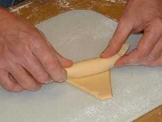 Enrollar cada uno de los triángulos de masa, a partir del borde sin cortar y hacia el punto. Entonces usted puede tirar de los extremos hacia el punto de hacer la tradicional forma de media luna, o dejarlas rectas.
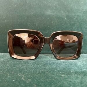Colors: Frame is black & muted gold; lenses are gray gradient
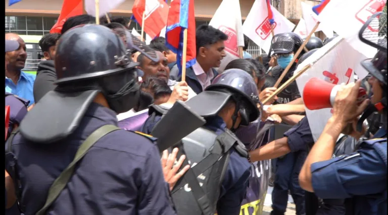 काठमाडौं, ३१ वैशाख । भन्सार विभाग घेराउमा उत्रिएका प्रभु साह नेतृत्वको आम जनता पार्टीका नेता तथा कार्यकर्ताहरु र प्रहरीबीच झडप भएको छ । त्रिपुरेश्वरस्थित् भन्सार विभागको घेराउमा उत्रिएका आजपाका कार्यकर्ताहरुलाई प्रहरीले धरपकड गरेको हो । सो क्रममा आजपाका एक दर्जन कार्यकर्ताहरु पक्राउ परेका छन् ।
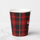 Plaid paper cup with the traditional Scottish black and red clan Cunningham tartan plaid pattern. Personalize the custom white text to suit your needs. Matching napkins and paper plates are available.
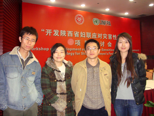2009年2月23——24日,赵文龙教授参加了该项目在西安举行的研讨会,专家组向全国妇联、联合国人口基金会和参加研讨会的专家学者汇报了阶段性研究成果,并与大家一起围绕“应对灾害性别战略”的研究和开发进行了深入的探讨。
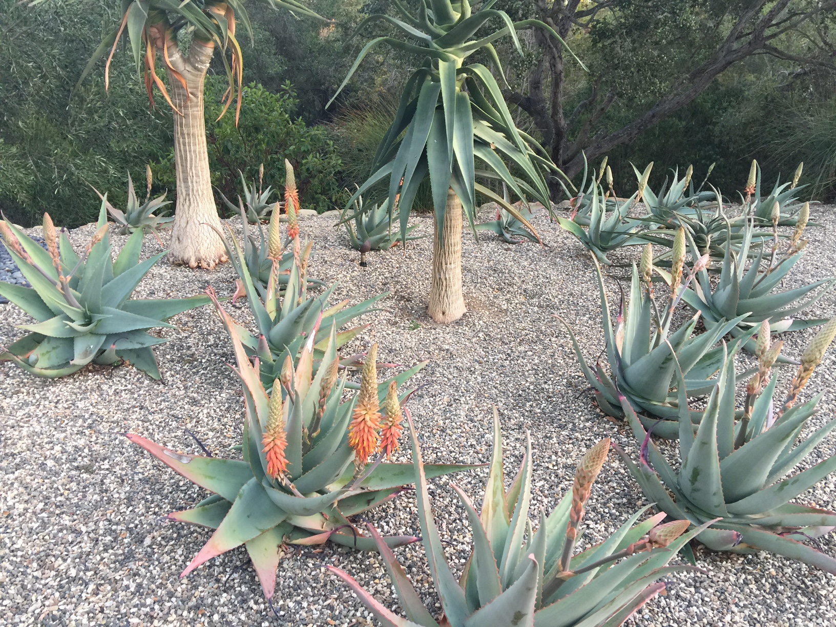 Three cheers for aloes – they come in a range of sizes and shapes, flower on occasion, and need little water. They don’t die like agaves do after blooming, although they can get devastating aloe mites aka ‘cancer‘. Not counting tree aloes (one with trunks), my 3 favorites of 24 varieties currently in our garden are:
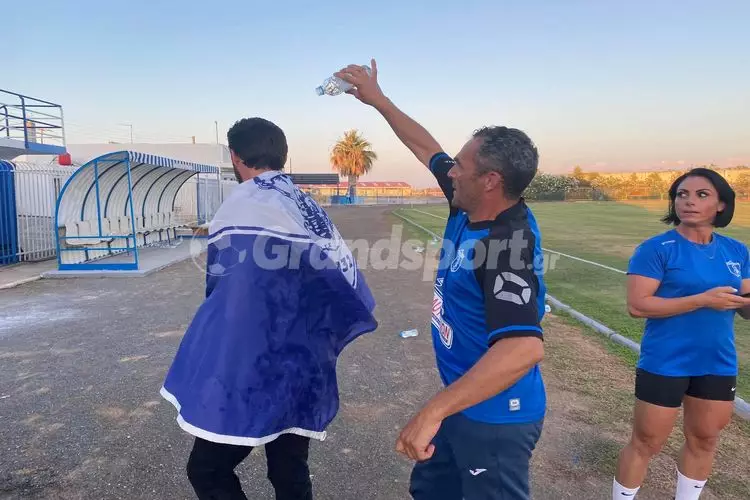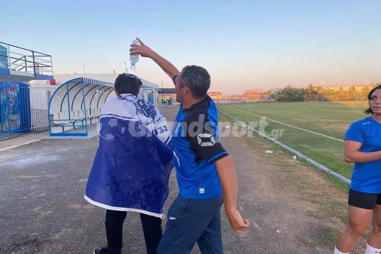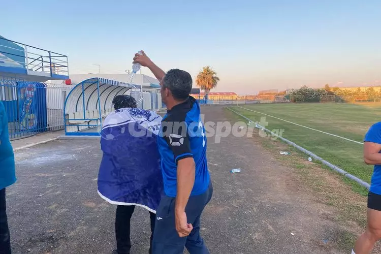 Οι παίκτες της ομάδας της Νέας Αλικαρνασσού… δρόσισαν τον προπονητή τους, ρίχνοντάς του πολλά μπουκάλια νερό, με τον νεαρό τεχνικό να απολαμβάνει τις στιγμές του θριάμβου.
....................
What the task requires » The listing should be transcribed exactly. No picture is to appear in the transcription.

Problem solution »
 Enrollar cada uno de los triángulos de masa, a partir del borde sin cortar y hacia el punto. Entonces usted puede tirar de los extremos hacia el punto de hacer la tradicional forma de media luna, o dejarlas rectas.
Colors: Frame is black & muted gold; lenses are gray gradient
 काठमाडौं, ३१ वैशाख । भन्सार विभाग घेराउमा उत्रिएका प्रभु साह नेतृत्वको आम जनता पार्टीका नेता तथा कार्यकर्ताहरु र प्रहरीबीच झडप भएको छ । त्रिपुरेश्वरस्थित् भन्सार विभागको घेराउमा उत्रिएका आजपाका कार्यकर्ताहरुलाई प्रहरीले धरपकड गरेको हो । सो क्रममा आजपाका एक दर्जन कार्यकर्ताहरु पक्राउ परेका छन् ।
 Plaid paper cup with the traditional Scottish black and red clan Cunningham tartan plaid pattern. Personalize the custom white text to suit your needs. Matching napkins and paper plates are available.
2009年2月23——24日,赵文龙教授参加了该项目在西安举行的研讨会,专家组向全国妇联、联合国人口基金会和参加研讨会的专家学者汇报了阶段性研究成果,并与大家一起围绕“应对灾害性别战略”的研究和开发进行了深入的探讨。
 Three cheers for aloes – they come in a range of sizes and shapes, flower on occasion, and need little water. They don’t die like agaves do after blooming, although they can get devastating aloe mites aka ‘cancer‘. Not counting tree aloes (one with trunks), my 3 favorites of 24 varieties currently in our garden are:
 Οι παίκτες της ομάδας της Νέας Αλικαρνασσού… δρόσισαν τον προπονητή τους, ρίχνοντάς του πολλά μπουκάλια νερό, με τον νεαρό τεχνικό να απολαμβάνει τις στιγμές του θριάμβου.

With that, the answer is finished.